→ **Problem requirements**
Line by line, retype the material exactly and leave each picture out.
(Information supplied Opens)
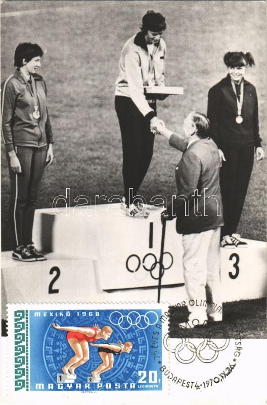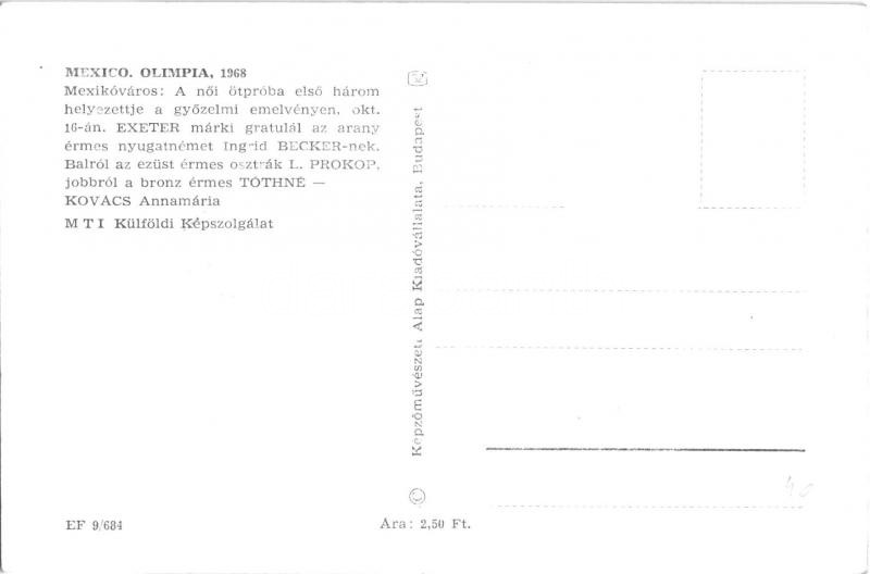 Mexico, Olimpia 1968. Mexikóváros: A női ötpróba első három helyezettje a győzelmi emelvényen, október 16-án. Exeter márki gratulál az arany érmes nyugatnémet Ingrid Beckernek. Balról az ezüst érmes osztrák L. Prokop, jobbról a bronz érmes Tóthné-Kovács Annamária. MTI Külföldi Képszolgálat. Képzőművészeti Alap Kiadóvállalat / XIX Olympiad / 1968 Summer Olympics in Mexico City. Women's Penthatlon medalists
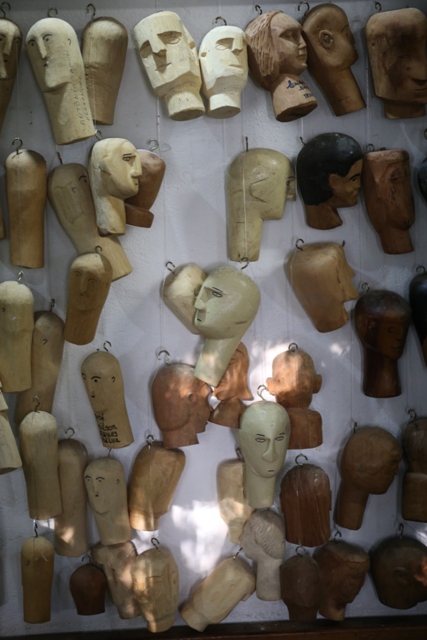 Acervo com pequenos ex-votos em formato de cabeças humanas.
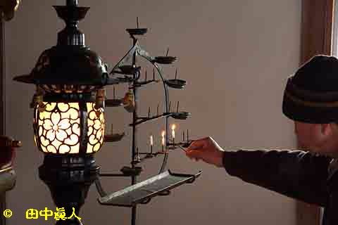 厄除け祈願に訪れた3人の数のローソクに火を灯して祈願する。
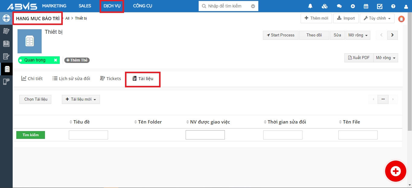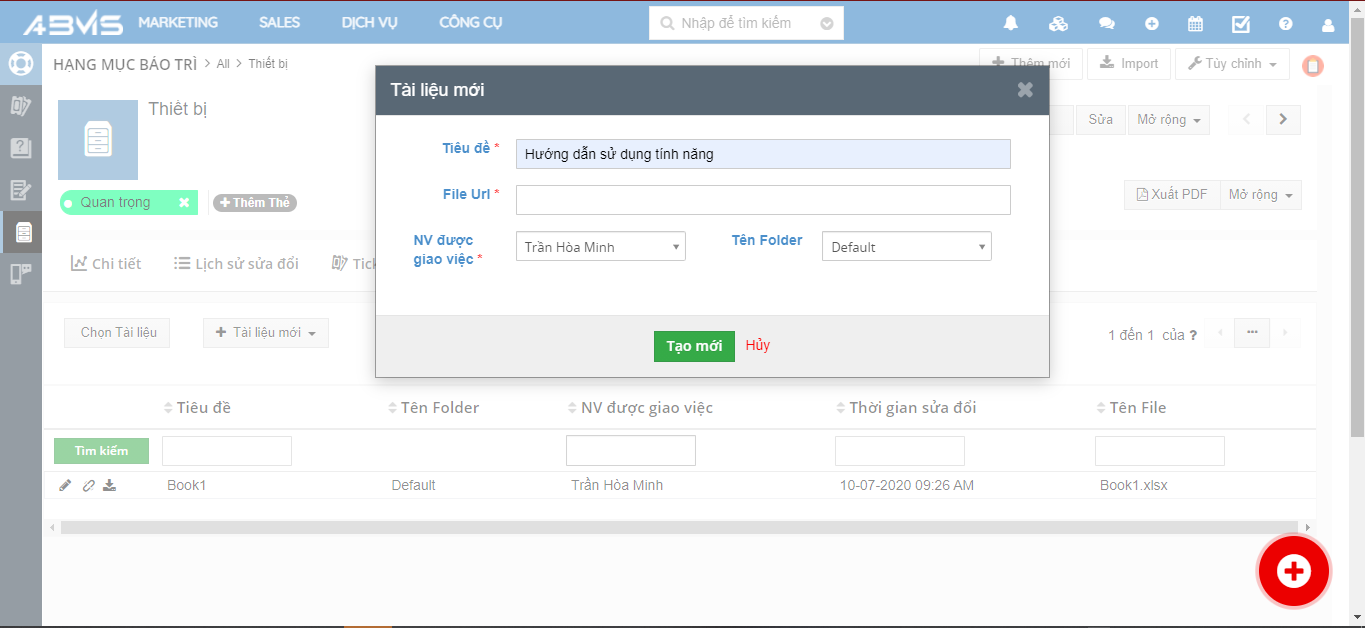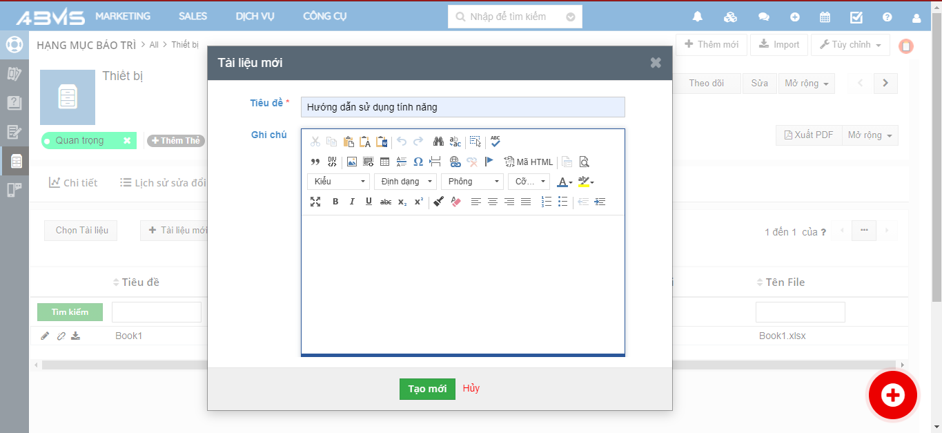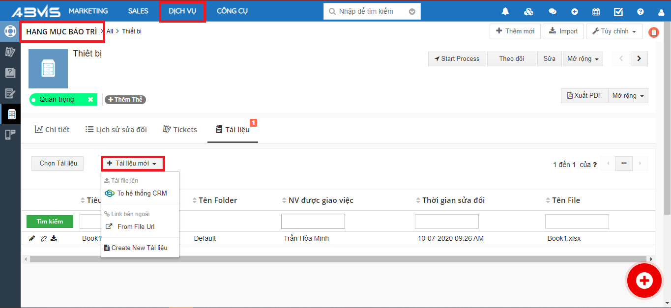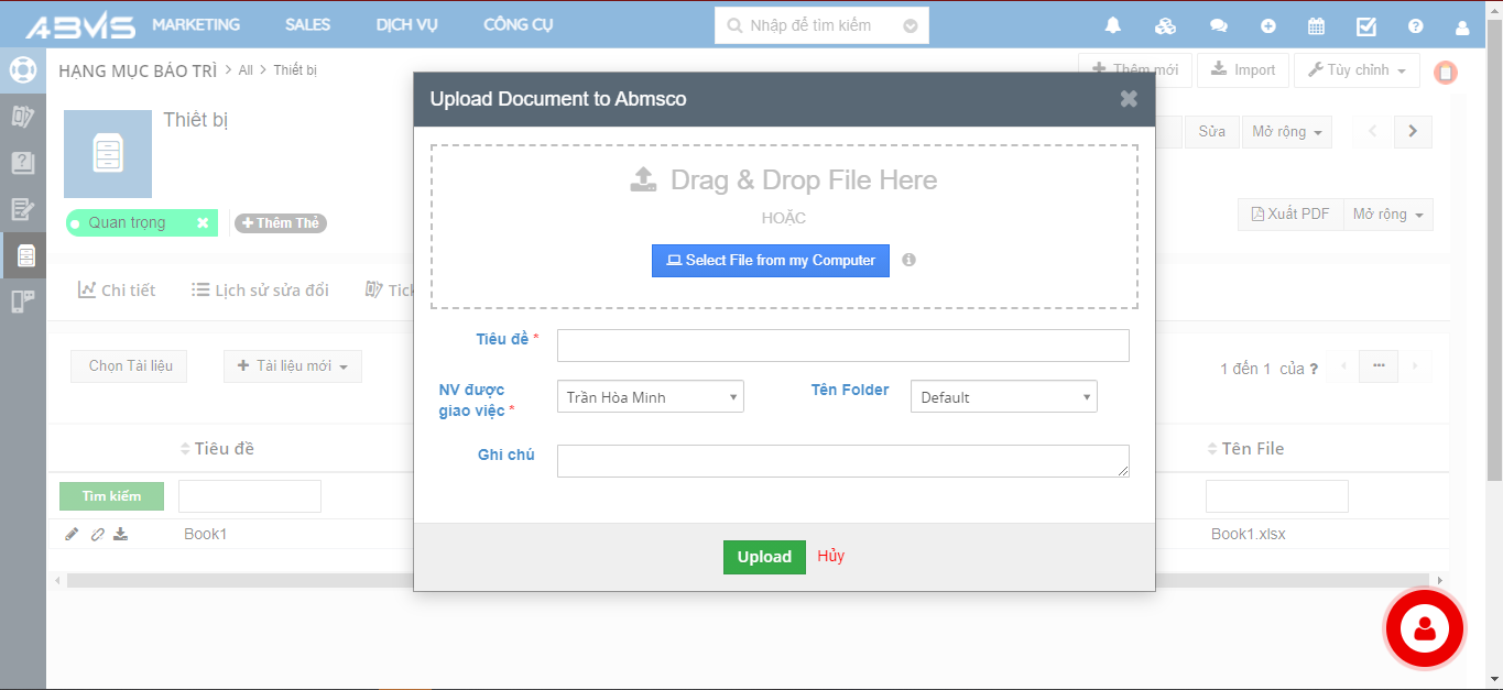 Thêm tài liệu vào Hạng mục bảo trì trên ABMS
(Information supplied Closes)
→ **Task answer**
 Mexico, Olimpia 1968. Mexikóváros: A női ötpróba első három helyezettje a győzelmi emelvényen, október 16-án. Exeter márki gratulál az arany érmes nyugatnémet Ingrid Beckernek. Balról az ezüst érmes osztrák L. Prokop, jobbról a bronz érmes Tóthné-Kovács Annamária. MTI Külföldi Képszolgálat. Képzőművészeti Alap Kiadóvállalat / XIX Olympiad / 1968 Summer Olympics in Mexico City. Women's Penthatlon medalists
 Acervo com pequenos ex-votos em formato de cabeças humanas.
 厄除け祈願に訪れた3人の数のローソクに火を灯して祈願する。
 Thêm tài liệu vào Hạng mục bảo trì trên ABMS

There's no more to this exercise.